■ EXERCISE DESCRIPTION: An exact, complete printout of the listing is wanted, minus its images.

■ THE DATA:
▼
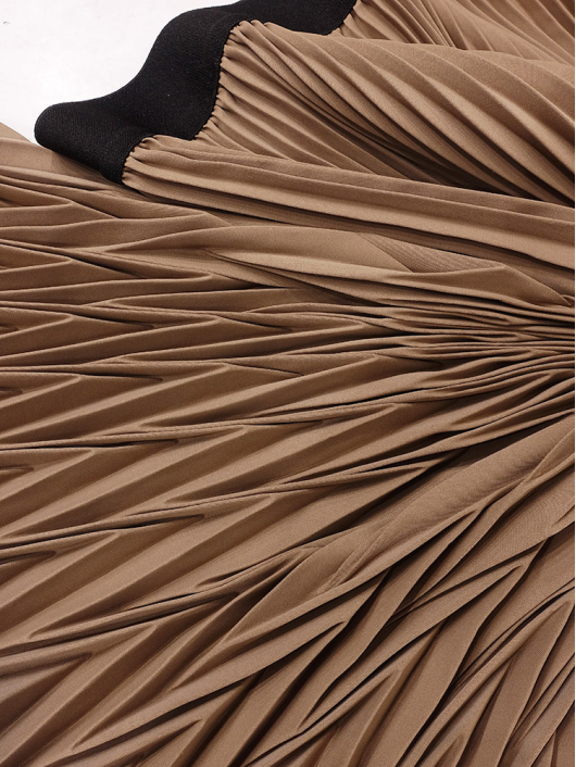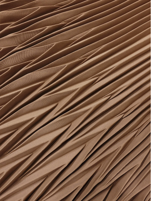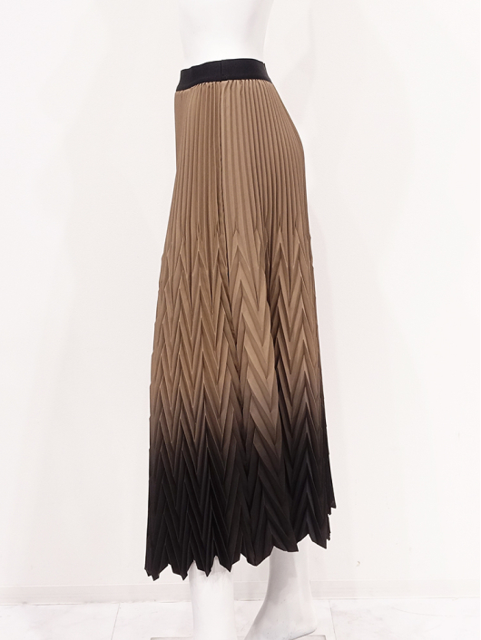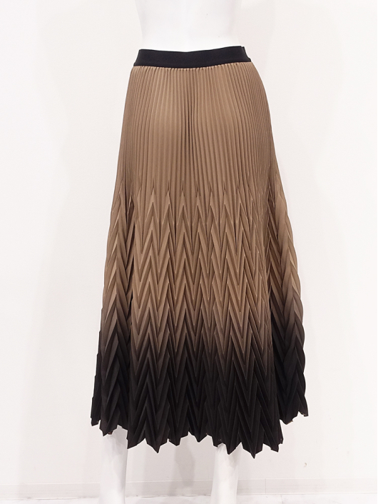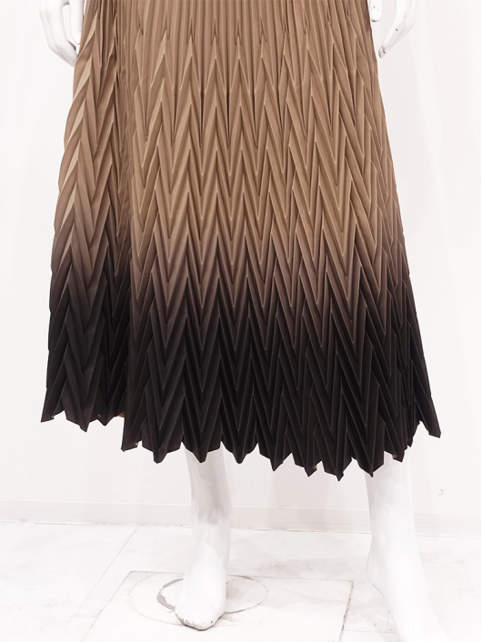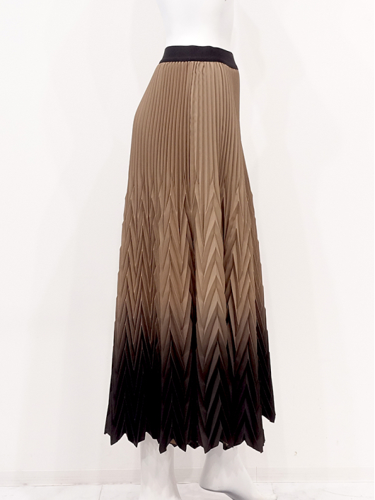 キャメルベージュから裾に向かって優しげに色彩が移り変わるダークトーンの滲みやブラウンに潜む甘さに惹かれるグラデーションプリントのプリーツスカート。シンプルなコーディネートに大胆に映える美しい図案と色彩は、きれいめにまとめても、カジュアルに着くずしても◎
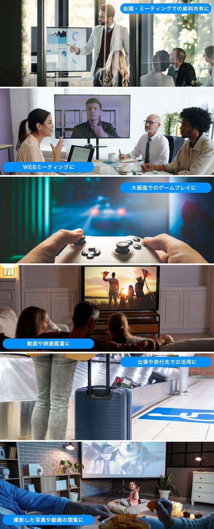 ビジネスシーンでの会議やプレゼンテーションはもちろん、プライベートでの動画視聴やゲームなど、さまざまな場面で活用できます。
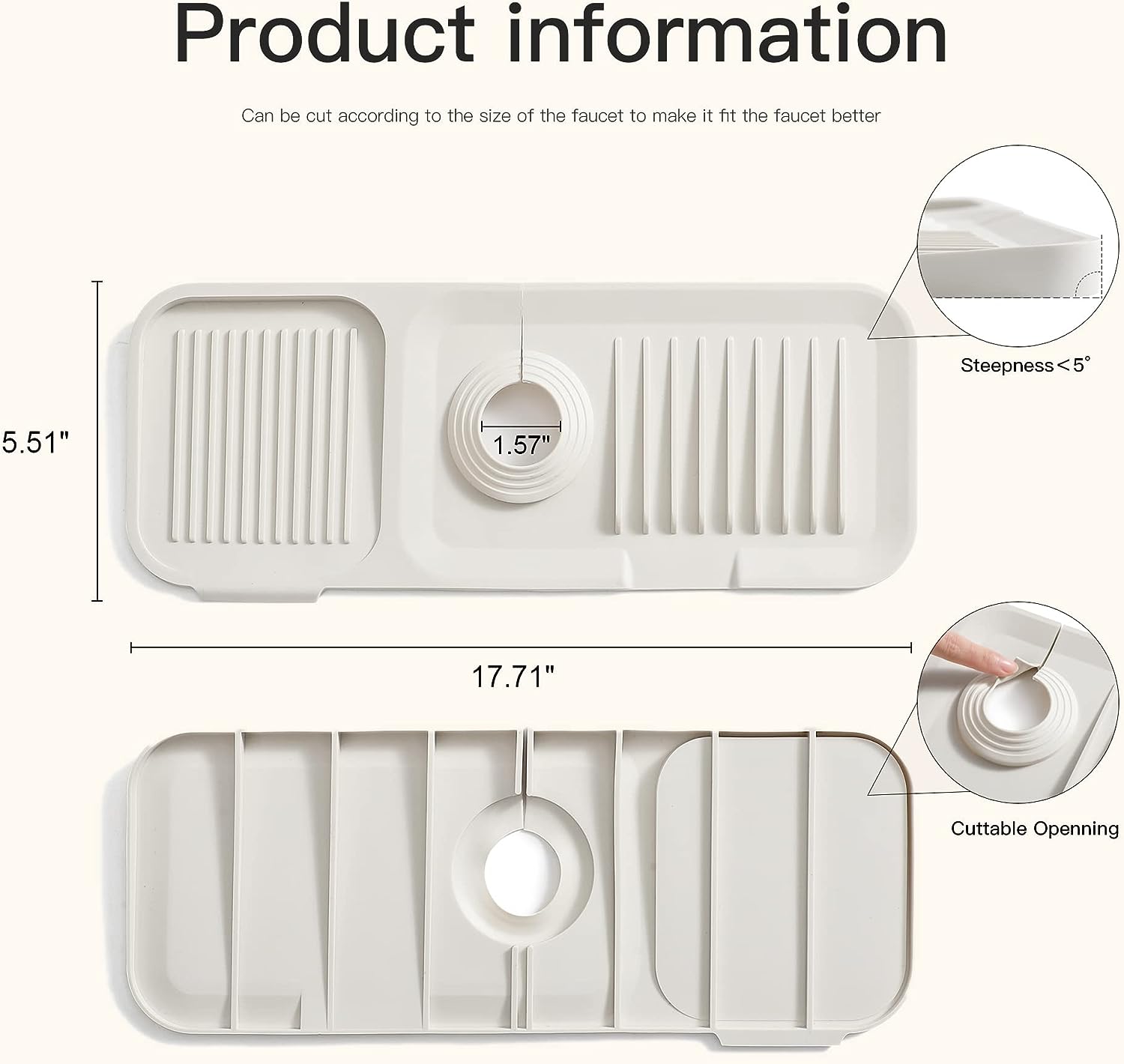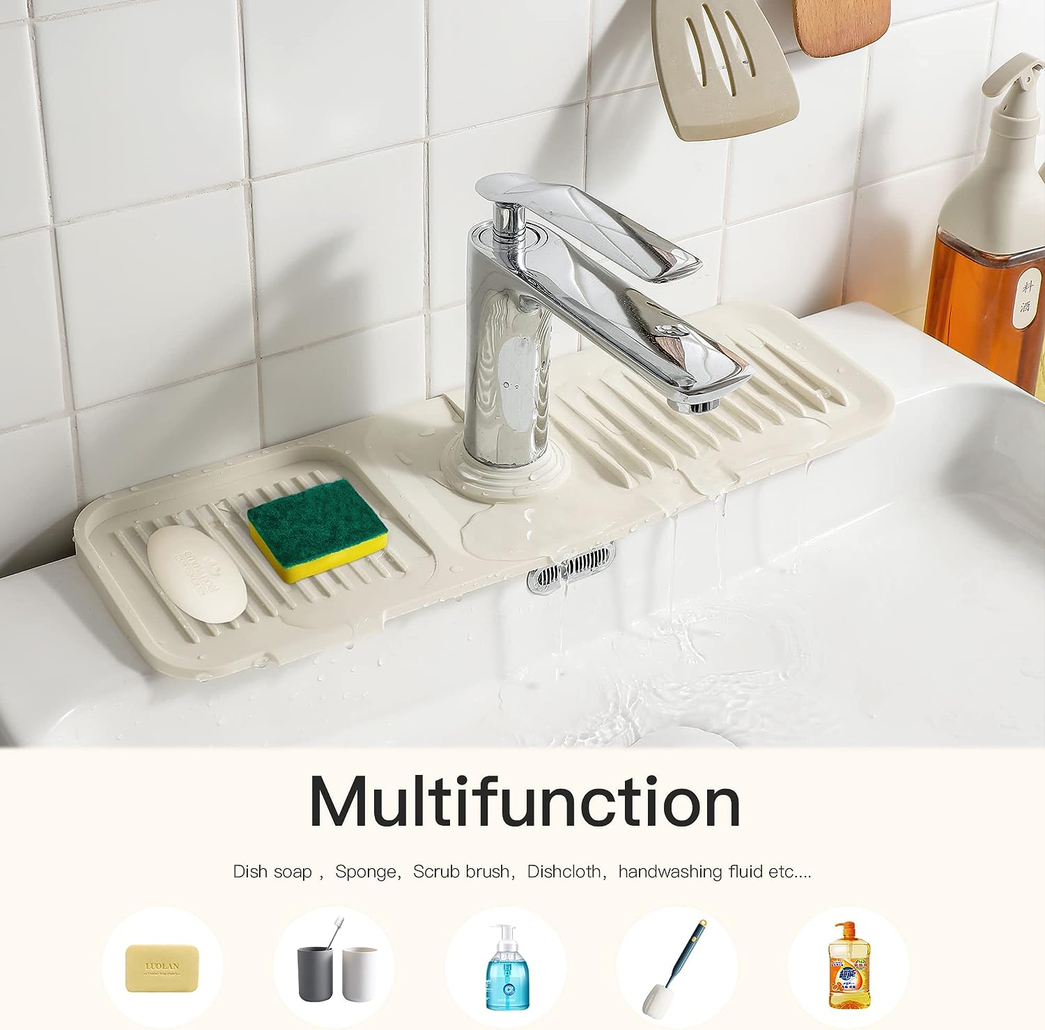 fuard, 24in faucet mat splash catcher, handle drip catcher tray, multipurpose for kitchen dish drying mats sponge holder and bathroom
▲
■ SOLUTION FOR THIS TASK:
 キャメルベージュから裾に向かって優しげに色彩が移り変わるダークトーンの滲みやブラウンに潜む甘さに惹かれるグラデーションプリントのプリーツスカート。シンプルなコーディネートに大胆に映える美しい図案と色彩は、きれいめにまとめても、カジュアルに着くずしても◎
 ビジネスシーンでの会議やプレゼンテーションはもちろん、プライベートでの動画視聴やゲームなど、さまざまな場面で活用できます。
 fuard, 24in faucet mat splash catcher, handle drip catcher tray, multipurpose for kitchen dish drying mats sponge holder and bathroom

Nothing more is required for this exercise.